The following results focus on the sign of the concentration-response slope, where a positive concentration-response slope indicates an increase in frequency or power, and a steepening of the spectral gradient to increasing anesthetic concentration, a negative concentration-response slope a decrease in the same measures to increasing anesthetic concentration. For the concentration-response analysis the 48 patients with alpha activity for less than 50% of the maintenance anesthesia period were excluded. A further 46 patients were also rejected due to having only a very small CeMAC range (0.15 CeMAC during surgery), which made fitting the linear regression unreliable. This post hoc criteria was necessary as we observed (unpublished data) that many patients with a CeMAC range less than this value had non-physiological concentration-response slope values. CeMAC values are non-age-adjusted unless otherwise mentioned. There was no statistically significant effect of type of volatile anesthetic on the concentration-effect slopes for alpha frequency, any alpha power measures, or spectral gradient (all p-values >0.05).

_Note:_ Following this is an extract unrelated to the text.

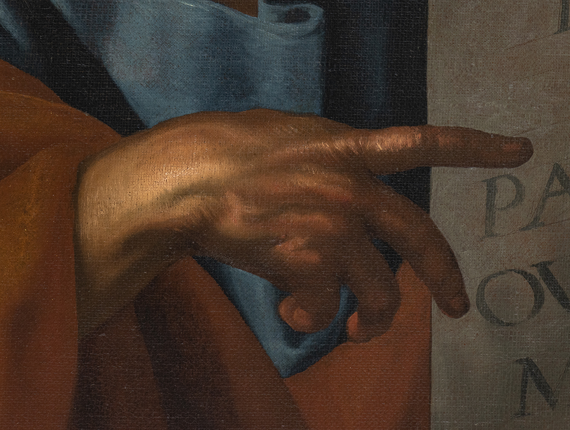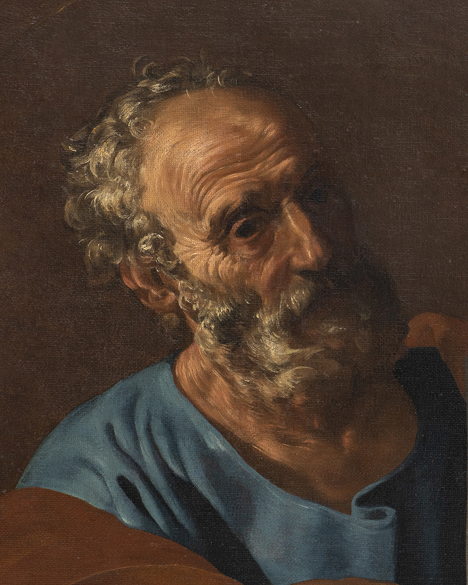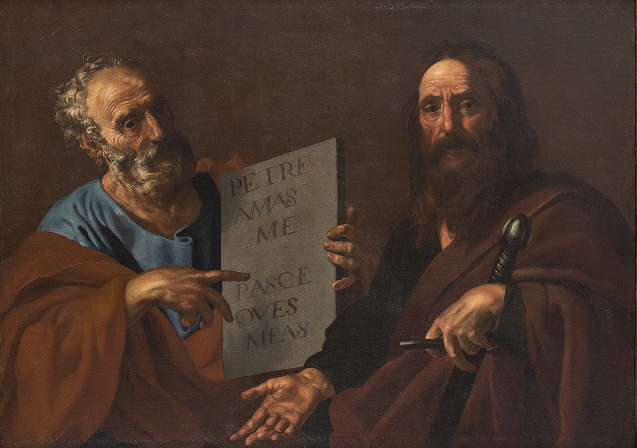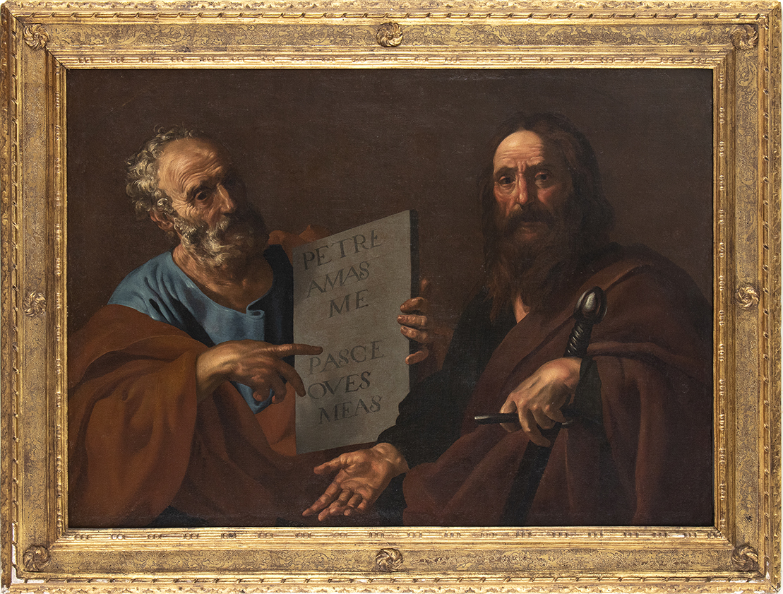 Questa bella tela può essere convincentemente ricondotta al periodo romano di Nicolas Tournier, tra i protagonisti di quella pattuglia di artisti francesi che, tra il secondo e l’inizio del terzo decennio del Seicento, durante il loro soggiorno nell’Urbe aderirono all’idioma caravaggesco. La tela è imperniata sulle monumentali figure a mezzo busto dei due apostoli Pietro e Paolo, che si staccano plasticamente da un fondo neutro. La figura posta a sinistra mostra una pietra, simbolo del suo nome, sulla quale è incisa l’iscrizione: “PETRE / AMAS / ME / PASCE / OVES / MEAS” (Giovanni 21, 17). Al suo fianco, la figura possente di San Paolo può essere agevolmente riconosciuta per il suo principale attributo, la spada del martirio. La presenza dei due santi, patroni di Roma, affiancati in un’unica composizione è piuttosto rara anche nella pittura romana del Seicento. Nicolas Tournier è documentato a Roma dal 1619 al 1627. Sappiamo che nel 1619 viveva con un Gerardo pittore, probabilmente Gérard Douffet, pittore caravaggesco vicino a Valentin, mentre nel 1620 Tournier divideva la sua abitazione con due pittori nordici, fra cui un certo Nicolas, forse da riconoscere in Nicolas Régnier. Nella nostra tela si colgono i principali elementi che caratterizzano la pittura romana di Tournier: Valentin da un lato e Bartolomeo Manfredi dall’altro, ovviamente sulla base di un’originale adesione al naturalismo caravaggesco. Termini di confronto piuttosto stringenti per la figura di San Pietro, sono il vecchio giocatore nei Giocatori di dadi di Louisville, Speed Art Museum, i San Pietro di varie versioni della Negazione di Pietro (Dresda, Gemaldegalerie; Atlanta, High Museum of Art; Madrid, Museo Del Prado), il vecchio soldato del Corpo di guardia della Gemaldegalerie di Dresda. Figure assai affini al nostro San Paolo si ritrovano nel San Paolo scrive le Epistole (Houston, Sarah Campbell Blaffer Foundation) e nel San Paolo del Musée des Augustins di Tolosa.

Concentration-Response Relationship for Peak Alpha Frequency
The mean patient CeMAC where an alpha oscillation was present was 0.84, and the mean peak alpha frequency at this CeMAC concentration was 9.2 Hz. The mean concentration-response slope for alpha frequency was −2.8 Hz/CeMAC (SD 2.7), indicating a near to 0.5 Hz frequency slowing with each 0.2 CeMAC increase in anesthetic concentration. Eighty-eight percent of patients (145/164) had a negative concentration-response slope for alpha frequency. Figure 2A shows the distribution of the concentration-response slopes for peak alpha frequency. Spectrograms with peak alpha frequency and anesthetic concentrations for four additional example patients are shown in Supplementary Figure S1. Median power spectra from six example patients taken from a 1-min period just following cessation of surgery can be seen in Supplementary Figure
Figure 2. (A) Histogram of concentration-response slopes for alpha frequency to CeMAC. Scatterplots of concentration-response slopes for peak alpha frequency against: peak alpha power (B), broadband alpha power (C), spectral gradient (D) and oscillatory alpha power (E).

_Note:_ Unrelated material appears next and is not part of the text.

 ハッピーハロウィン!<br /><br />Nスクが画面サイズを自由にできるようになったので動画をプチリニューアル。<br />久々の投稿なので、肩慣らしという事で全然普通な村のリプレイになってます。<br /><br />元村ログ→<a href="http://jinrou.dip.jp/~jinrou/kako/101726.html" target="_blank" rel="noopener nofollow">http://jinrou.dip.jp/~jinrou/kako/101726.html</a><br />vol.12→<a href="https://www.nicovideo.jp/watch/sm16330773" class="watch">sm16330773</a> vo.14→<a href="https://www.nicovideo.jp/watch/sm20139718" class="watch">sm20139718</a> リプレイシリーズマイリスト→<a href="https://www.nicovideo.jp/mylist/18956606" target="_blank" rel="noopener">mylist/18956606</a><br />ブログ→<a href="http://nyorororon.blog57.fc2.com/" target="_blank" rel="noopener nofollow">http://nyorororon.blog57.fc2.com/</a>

Concentration-Response Relationship of Peak Alpha Power
The mean peak alpha power at mean CeMAC (0.84 MAC) was 12.4 dB. An even distribution of positive and negative concentration-response slopes for peak alpha power were noted to increasing anesthetic concentration (Figure 2B). The mean concentration-response slope for peak alpha power was 0.6 dB/CeMAC (SD 6.8). Eighty-six (52%) patients increased peak alpha power with increasing anesthetic concentration, whilst 78 (48%) showed the opposite—a decrease. Magnitude of the peak alpha power-CeMAC concentration-response slope was not associated with age, maximal or minimal CeMAC, maximal or minimal peak alpha frequency, mean opioid concentration (all p values >0.15 using the Pearson’s correlation coefficient test), and neither with gender, or gas-type (both p-values >0.5, Mann Whitney-U test). A statistically significant correlation between magnitude of concentration-response slope and length of operation was noted (R = 0.19, p = 0.015) but this association could only explain 3.6% of the variance in slope magnitude.

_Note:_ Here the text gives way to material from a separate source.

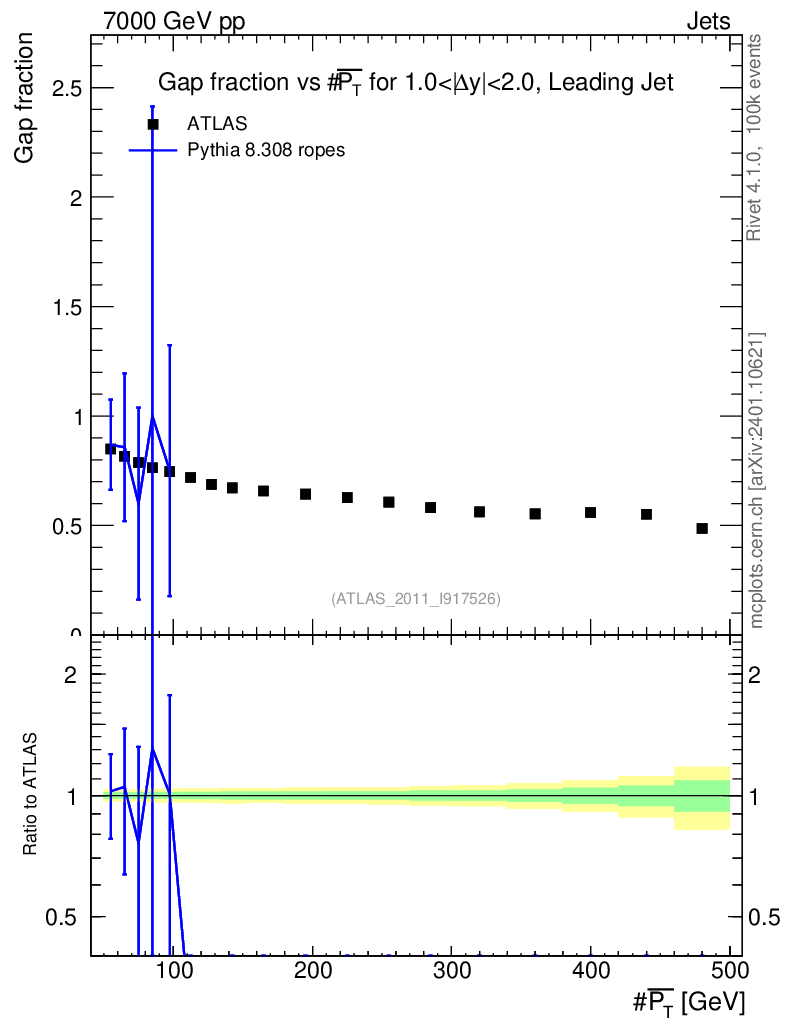 Lines: data, pythia8 8.308 ropes |

Concentration-Response Slopes of Broadband Alpha Power and Spectral Gradient
The mean broadband alpha power at mean CeMAC was 3.3 dB. The mean concentration-response slope for broadband alpha power was 6.8 dB/CeMAC (SD 6.4). One-hundred and fourty-four patients (88%) had a positive concentration-response slope for broadband power (see Figure 2C). Concentration-response slope for broadband power was not correlated with age (p = 0.61).
Given that the majority of patients (also 88%) showed a decrease in alpha frequency to increasing CeMAC, we would expect broadband alpha power to increase to increasing CeMAC simply due to the point of measurement sliding up the negative spectral gradient (see Figure 1A, where a slowing in peak frequency (▲) necessarily leads to an increase in broadband power (●)). To add complexity to the situation, the steepness of the spectral gradient itself was also concentration-dependent (Figure 2D). The mean spectral gradient at mean CeMAC was −0.92 dB/Hz, and the mean concentration-response slope for spectral gradient was −0.19 dB/Hz/CeMAC (SD 0.61). Two-thirds of patients (110/164) had negative concentration-response slopes, indicating an increasing steepness of the spectral gradient to increasing CeMAC, and one third (54/164) had positive slopes. The concentration-response slope of the spectral gradient was not correlated with age (p = 0.10).
Concentration-Response Slopes of Oscillatory Alpha Power
The mean oscillatory alpha power at mean CeMAC was 8.9 dB. The mean concentration-response slope for oscillatory alpha power was −5.7 dB/CeMAC (SD 6.1). One-hundred and fourty-one patients (86%) had a negative concentration-response slope for oscillatory alpha power (Figure 2E).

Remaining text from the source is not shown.